Jeff Breidenbach writes:
Notice that of 325146 total messages, 624 of them had no message-id header. Even if you aggregate dup+col, you're still looking at a total duplicate rate of 0.29%.
Message ID's are supposed to be unique.
Fortunately, a rule more honored in the observance than the breach. Nonetheless, it *is* breached. The Postel Principle applies here, IMO.
better to go ahead and use the mesage-id, rather than concoct yet another "this time we mean it!" unique identifier.
That's not the point. We're not going to impose this on senders; that's what Message-ID is for, as you say. If a sender won't provide a proper Message-ID, third parties who get a CC are just out of luck.
I simply think we should be prepared for applications where relying on the sender to supply a UUID is not acceptable; we need to be able to provide one ourselves. Creating UUIDs is a solved problem, after all. So we just specify a header to put it in, and subscribers will be able to use it, per definition of a canonical URL.

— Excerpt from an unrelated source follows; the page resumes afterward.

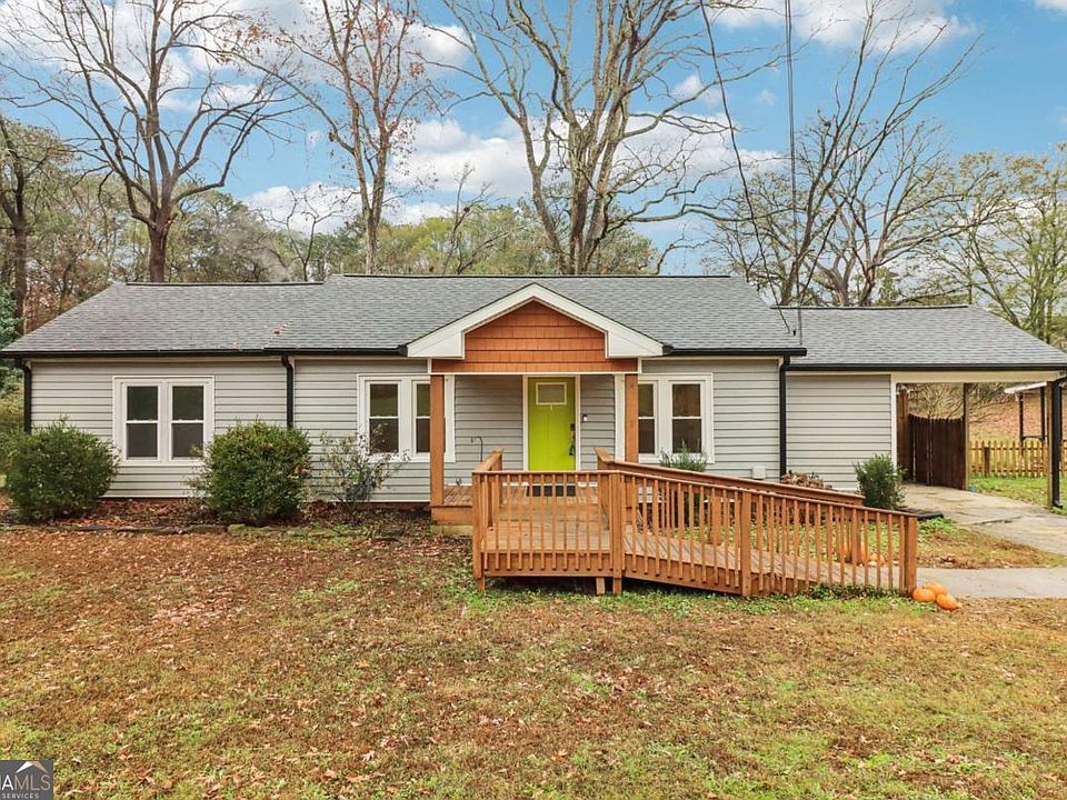Spacious and beautifully updated, this move-in ready home sits on an impressive 0.8-acre lot with mature trees and plenty of room to enjoy the outdoors! Inside, gorgeous, low-maintenance laminate wood floors flow throughout the main living areas and bedrooms. The bright front room is filled with natural light and works perfectly as a dining room with easy access to the kitchen. The updated, modern kitchen features stainless steel appliances-including a double oven-plus abundant cabinet and counter space. The cozy living room offers a built-in display area for your favorite decor or keepsakes. Retreat to the primary suite, complete with a large sitting area ideal for a home office, nursery, or reading nook. The en-suite bath includes a spacious pedestal tub/shower. Two additional bedrooms share an updated hall bath, and a fourth bedroom provides even more versatility. Step outside to a massive backyard designed for relaxation and entertaining. The expansive deck includes both covered and uncovered areas perfect for grilling, dining, or lounging. Enjoy evenings around the fire pit, take advantage of the storage shed, and make the most of the abundant green space. Updates include new paint, fixtures, flooring, kitchen counters, roof, siding, doors, windows, HVAC, tankless water heater, switches, outlets, and plumbing. Conveniently located near shopping, interstates, and downtown Smyrna Market Village. Book your tour today!

Then we say that an archive SHOULD provide access to the resource via Message-ID if available, and define how to construct that URL from the List-Archive and Message-ID headers.
Which brings me to suggestion #2, which is go ahead and write an RFC on how list servers should embed archival links in messages.
I think Barry already suggested that? Anyway, +1. But remember, a standards-track RFC should have a working implementation to point to.